I have started toying with GPT-3 to generate some SQL code based on questions. This might be useful for tech support, but it is also a easy way to get started with code generation (I am mostly interested in C# code generation, but it is somewhat harder).
I tried the playground and it seems to generate interesting results.
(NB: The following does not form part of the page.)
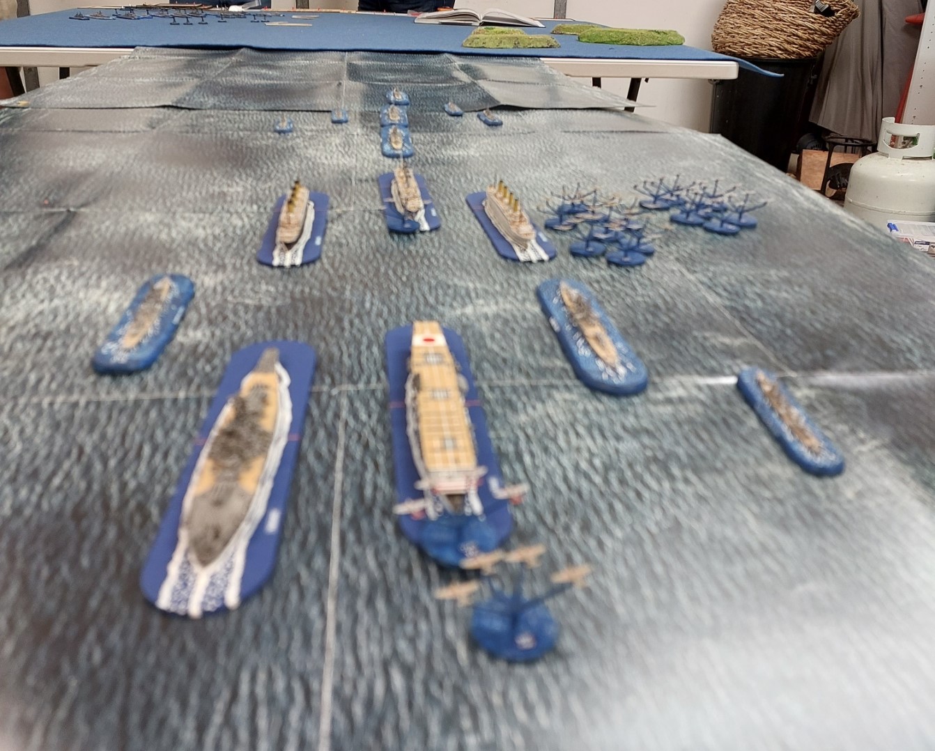 Ignoring the fact we hadn’t played for a year I set up a scenario bound to fail…but it meant we had lots of ships and planes on the table … and some combat actually occurred!
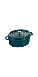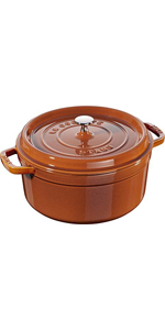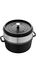 Staub brands utensils are made in France and extremely high quality cast iron pan. Food tastes very unique as the heat spreads even and very tasty.

Example below:
Context
Q: select all records from the employee table
A: SELECT * FROM Employee
###
Q: select the latest 10 records from the employee table
A: SELECT TOP 10 * FROM Employee ORDER BY id DESC
###
Q: select first name and last name for the latest 20 employees in the employee table
A: SELECT TOP 20 FirstName, LastName FROM Employee ORDER BY id DESC
###
Q: select full name for the first 30 employees on the employee table
A: SELECT TOP 30 FirstName + ' ' + LastName FROM Employee ORDER BY id DESC
###
Q: check if there are records having the same LastName in the employee table
A: SELECT LastName, COUNT(*) AS Cnt FROM Employee HAVING COUNT(1) > 1
###
Q: select from employee table where login contains 'alex'
A: SELECT * FROM Employee WHERE login LIKE 'alex%'
###
Q: get employee count grouped by last name
A: SELECT LastName, COUNT(*) AS Cnt FROM Employee GROUP BY LastName
###
Q: create a delete snippet for table Foo
A: begin tran
select * from Foo
delete from Foo ...
select * from Foo
rollback
###
My question and the generated answer:
Q: create a delete snippet for table Employee where login contains 'alex'
A: begin tran
select * from Employee where login LIKE 'alex%'
delete from Employee where login LIKE 'alex%' ...
select * from Employee
rollback
I am happy with the answer especially given the small number of “learning material” (GPT understands quite a lot of context from little information I have provided).
However, using the Q&A API does not scale as I expect lots of tokens when knowledge piles up. I have checked the suggestion to store the context as a document from this thread.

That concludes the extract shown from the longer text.